Barak is a centrist figure whose military credentials and pragmatic policy ideas will, Labor hopes, win back middle-of-the-road voters who preferred Netanyahu over former Prime Minister Shimon Peres in the May 1996 elections.

Although Barak has opposed a national unity government in the past, his own relative hawkishness and Netanyahu's newfound moderation could yet forge the basis for a unity government, say the pundits.

These developments provide the foundation for the optimistic interpretation that bold new moves are afoot after several tension-filled months of crisis.

Many analysts here suggest that what is important in the long term are not the specifics of Netanyahu's plan for the final-status talks, but rather the break with past dogma that it represents.

The plan reportedly even entertains the notion of Israel abandoning certain far-flung settlements on the West Bank.

That would be a dramatic departure from Likud's long-held principles.

Also important is the fact that the Netanyahu coalition appears to have endured this first flight of the trial balloon with remarkable stability.

It is as though the mainstream of the coalition, like the mainstream of the opposition, has come to terms with the need to strike a territorial compromise with the Palestinians.

What remains to be decided is the amount of land to be relinquished.

This perspective gives support to renewed speculation that now that Barak is installed as Peres' successor, Netanyahu's thoughts will turn again to a unity government.

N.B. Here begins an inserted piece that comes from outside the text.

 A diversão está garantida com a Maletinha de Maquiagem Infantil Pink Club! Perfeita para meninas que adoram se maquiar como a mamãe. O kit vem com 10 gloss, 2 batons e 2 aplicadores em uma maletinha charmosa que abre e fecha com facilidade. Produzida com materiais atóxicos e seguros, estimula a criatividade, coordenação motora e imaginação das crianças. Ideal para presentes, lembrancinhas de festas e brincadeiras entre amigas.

The premier insists he is serious about seeking accelerated negotiations for a permanent settlement with the Palestinians.

He knows, moreover, that only a successful negotiation and an agreement widely supported in Israel can virtually guarantee him a second term in office.

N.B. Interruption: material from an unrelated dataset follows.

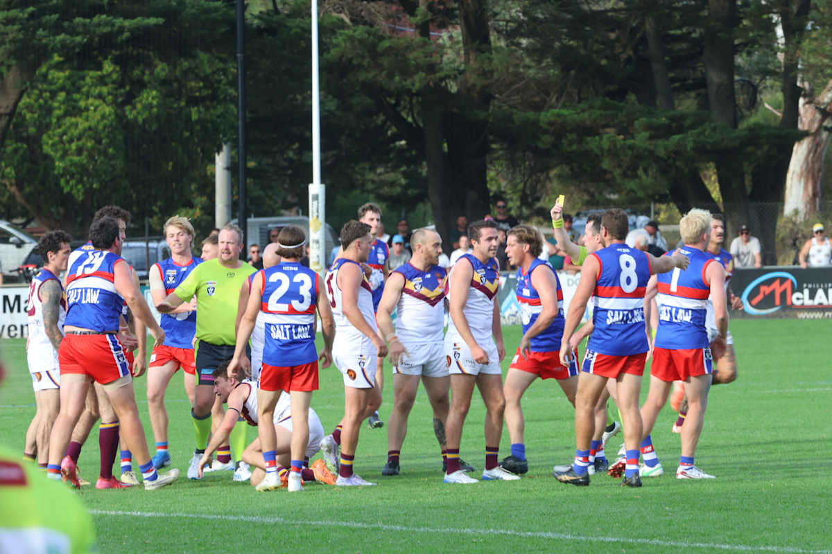 There’s little doubt this feature event of the Phillip Island Bulldogs’ season was a raging financial success and it looked set to be a thrilling triumph on the field as well when the Island’s coach Cam Pedersen accepted a soft pass from Hayden Bruce after good lead up work by his brother Charlie and stretched the lead to 13 points at the 22-minute mark.

Barak, meanwhile, has signaled that he opposes joining a coalition with Likud.

Meanwhile, Arafat has responded to the reports of Netanyahu's final-status proposals by saying that the Palestinians expect to recover no less than 91 percent of the West Bank.

But for the optimists, this seems to indicate that, despite the gulf that opened up during the past three months, the two sides may soon engage in earnest negotiations.

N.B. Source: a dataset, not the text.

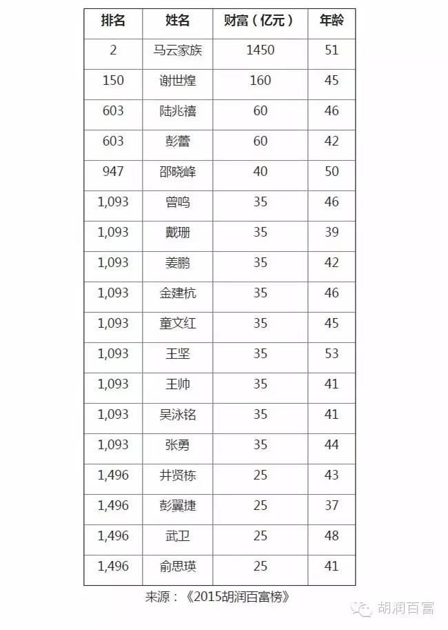 51岁的马云及其家族以1450亿元退居第二,财富比去年减少3%,主要因为上市公司表现差强人意,阿里股价由上市首日的93美金跌了20%。但马云的另一块主要资产——支付宝母公司蚂蚁金服却表现抢眼。今年7月,蚂蚁金服完成A轮融资,市场估值高达450亿美金。社保基金、国开金融以及数家保险大鳄都战略入股蚂蚁金服。马云财富主要分为三部分:阿里巴巴6%的股份、蚂蚁金服及其个人投资。最近一年,马云投资了数个项目,包括36亿投资魅族,24亿入股光线传媒,12亿入股第一财经。今年5月,阿里又宣布已联手马云创立的云锋基金战略投资圆通速递。胡润表示:“马云是目前最具活力的上榜企业家”。今年阿里巴巴有包括马云和谢世煌在内18位高管上榜。

Just the same, this week's developments have also served as fuel for Israeli pessimists.

They see Netanyahu's leaked plan for the final-status talks as a deliberate ploy to curry favor at home and abroad with an ostensibly reasonable opening offer — one that the premier can be certain will be rejected outright by the Palestinian side.

Netanyahu, according to this interpretation, remains committed to taking the peace process no further in substantive terms.

His purported plan is a mere exercise in public relations, the pessimists say, designed to elicit more months of treading water, while building at Har Homa and settlement projects in the West Bank continue.

This, of course, is the gloss put on the plan by Palestinian spokesmen.

Nevertheless, behind the scenes, some Palestinians recognize the significance of a Likud leader offering to withdraw from half of the West Bank.

The pessimists, meanwhile, see the gap between Likud and Labor as vast and not bridgeable.

Under its new and ambitious leader, they say, Labor will become a fighting opposition — as it has conspicuously failed to be during Netanyahu's first year in office.

They point out that while Barak himself is thought of as a centrist, the party as a whole recently solidified its dovish positions, resolving at its national conference to remove from its platform opposition to a sovereign Palestinian state.

The pessimists expect the Egyptian effort to put the talks back on track will fizzle out within weeks, leaving an enhanced danger of new disillusionment and frustration.